Back to General and Gameplay Programming

How to use small datatypes efficiently

hongqi ma · 2015-09-25T02:23:44

I used to use small datatypes(short, char) to save memory,but these types will likely need two bus transaction for operations,take this union for example union UValue { struct { short m_nVal1; short m_nVal2; }; int m_nVal; } uValue; Tow bus transaction are needed to read m_nVal2 into cpu(while i am not sure if this is the case for m_nVal1 cuz it's four bytes aligned),will this be extremely slow,is it wise to operate on m_nVal2 with some special tactics,say, set uValue.m_nVal2 to 77, do it like this uValue.m_nVal = (uValue.m_nVal & 65535) | (77 << 16); Will this way be much faster than uValue.m_nVal2 = 77 ? I am sure we all like the feeling that we coding in the best way. It can be encapsulated in a member function void UValue::SetVal2(int val) { m_nVal = (m_nVal & 65535) | (77 << 16); }

General and Gameplay Programming Programming

Started by PolarWolf September 17, 2015 02:27 PM

28 comments, last by Infinisearch 8 years, 7 months ago

PolarWolf

184

Author

September 17, 2015 04:27 PM

Some systems crash, yes. Others you incur an invisible performance penalty.

But, I hate to drag this line out, unless you have profiled a real world application and identified this as a genuine bottleneck, such optimisation is absurd.

I am meticulous as i always be,it's more fun than utility, ^-^

TheComet

3,927

September 17, 2015 05:00 PM

Once that 64 byte buffer is loaded, anything you do within that 64 byte buffer is very nearly free. Thanks to the magic of the Out Of Order core and processor caches, doing one operation on one item in that block is very nearly the same clock time as doing one operation on sixteen items in that block.

Would it actually be beneficial to pack our variables more tightly together (use char/short where possible) in order to reduce block loads?

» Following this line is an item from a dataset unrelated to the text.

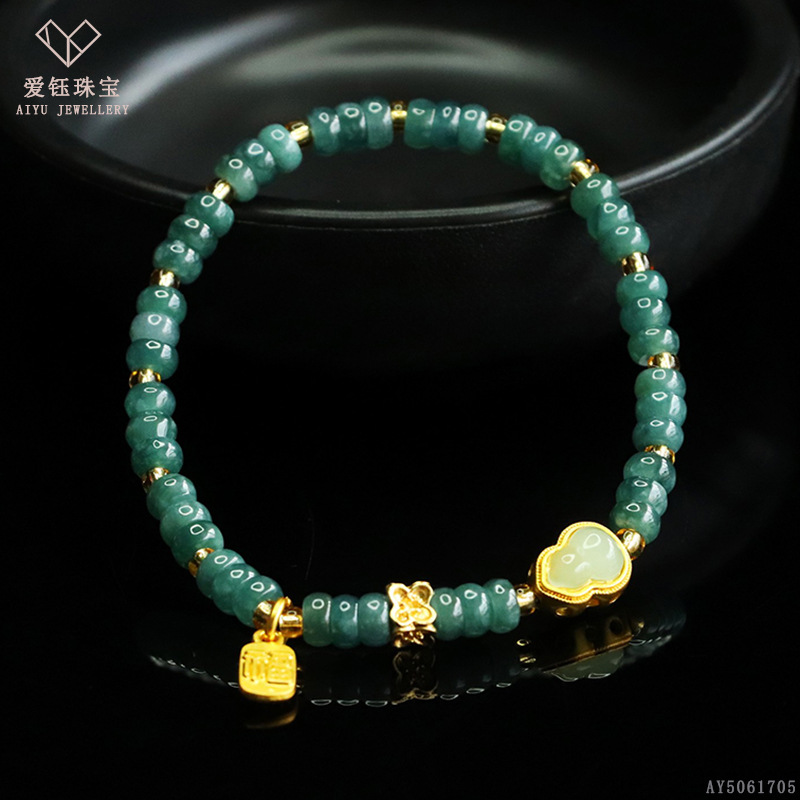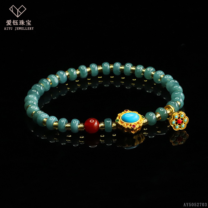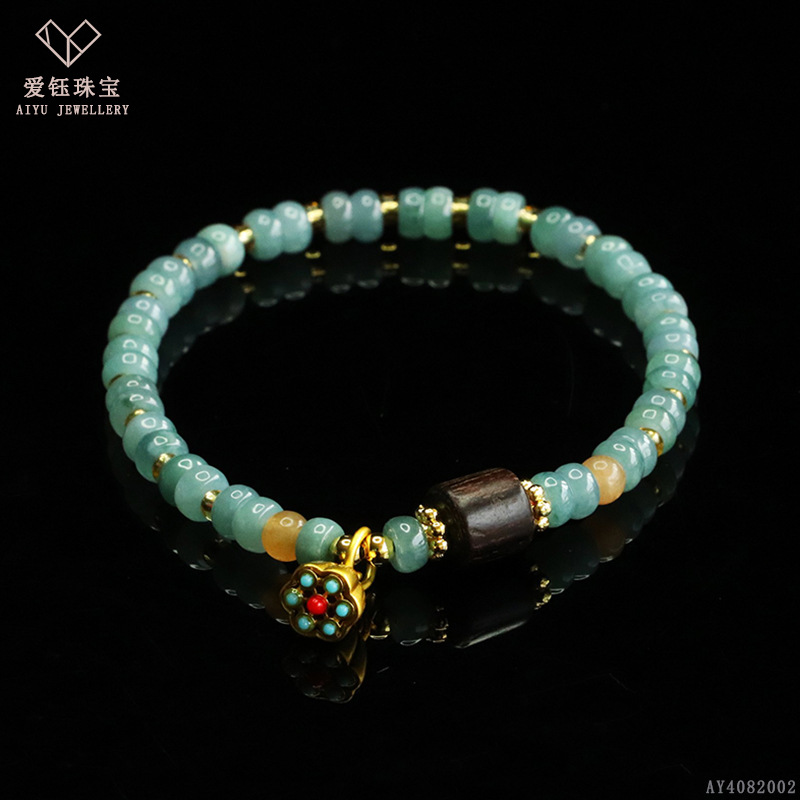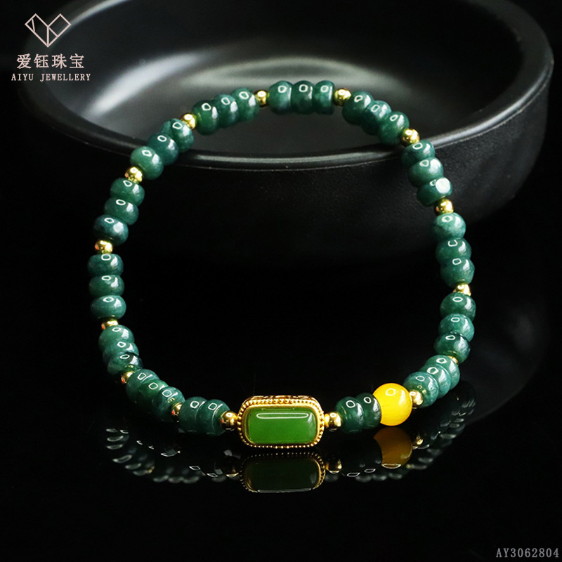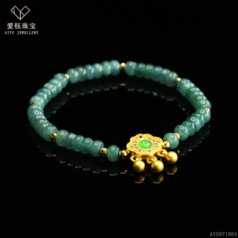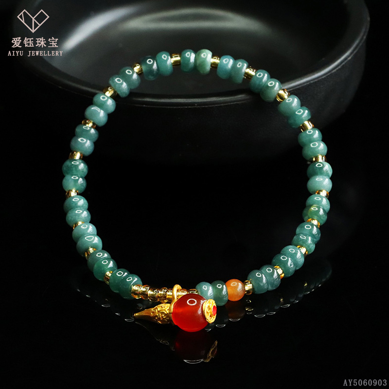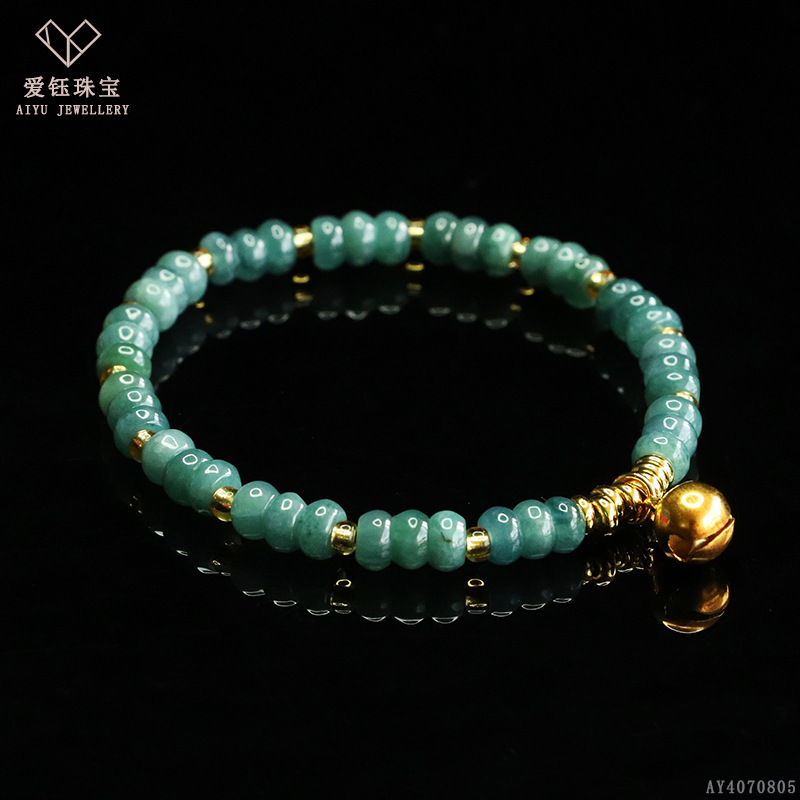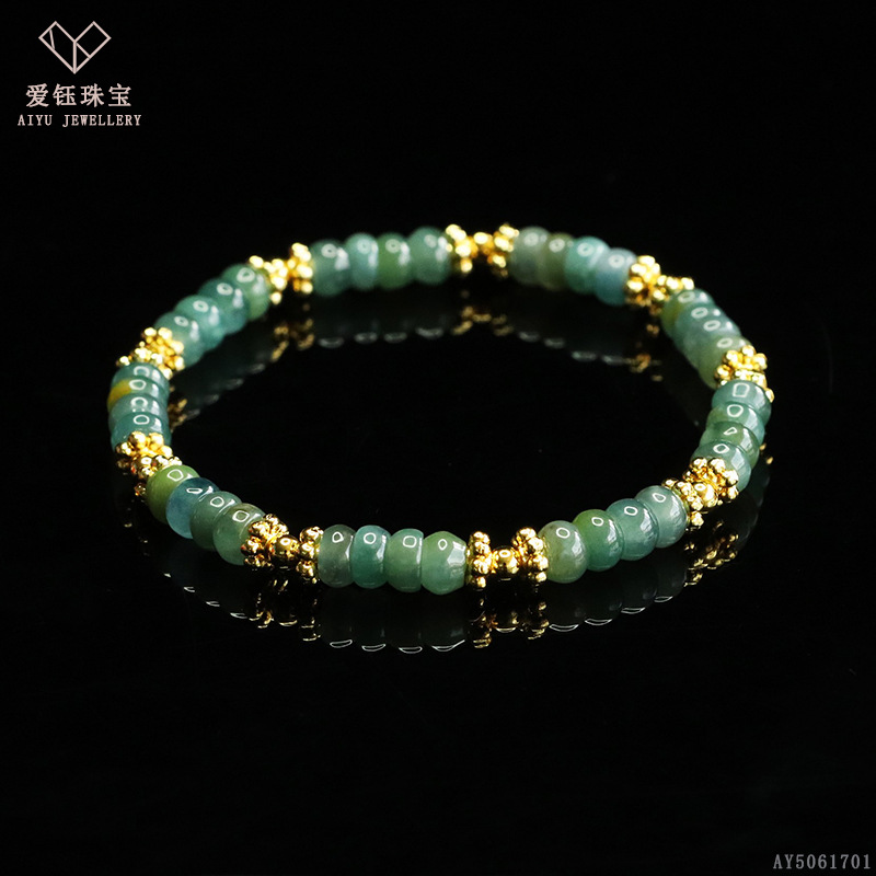 爱钰 天然A货翡翠算盘珠手串蓝水玉石DIY设计款手链电商直播批发

"I would try to find halo source code by bungie best fps engine ever created, u see why call of duty loses speed due to its detail." -- GettingNifty

Ryan_001

3,477

September 17, 2015 06:29 PM

Once that 64 byte buffer is loaded, anything you do within that 64 byte buffer is very nearly free. Thanks to the magic of the Out Of Order core and processor caches, doing one operation on one item in that block is very nearly the same clock time as doing one operation on sixteen items in that block.

Would it actually be beneficial to pack our variables more tightly together (use char/short where possible) in order to reduce block loads?

For individual objects defined on the stack, no probably not. For objects stored in arrays/vectors/etc...) quite possibly. The vast majority of the time, on modern CPUs, the biggest computational bottleneck will be in fetching data from memory. Designing objects so they fit nicely on cache line boundaries can yield significant performance increases.

frob

46,223

September 17, 2015 07:50 PM

Correct. It is about locality of data for cache use.

If you can design your system so you are constantly reading a series of sequential memory addresses -- basically operating on densely packed linear arrays or a structure of arrays -- the CPU will see this pattern and prefetch all your data, giving a great processing experience.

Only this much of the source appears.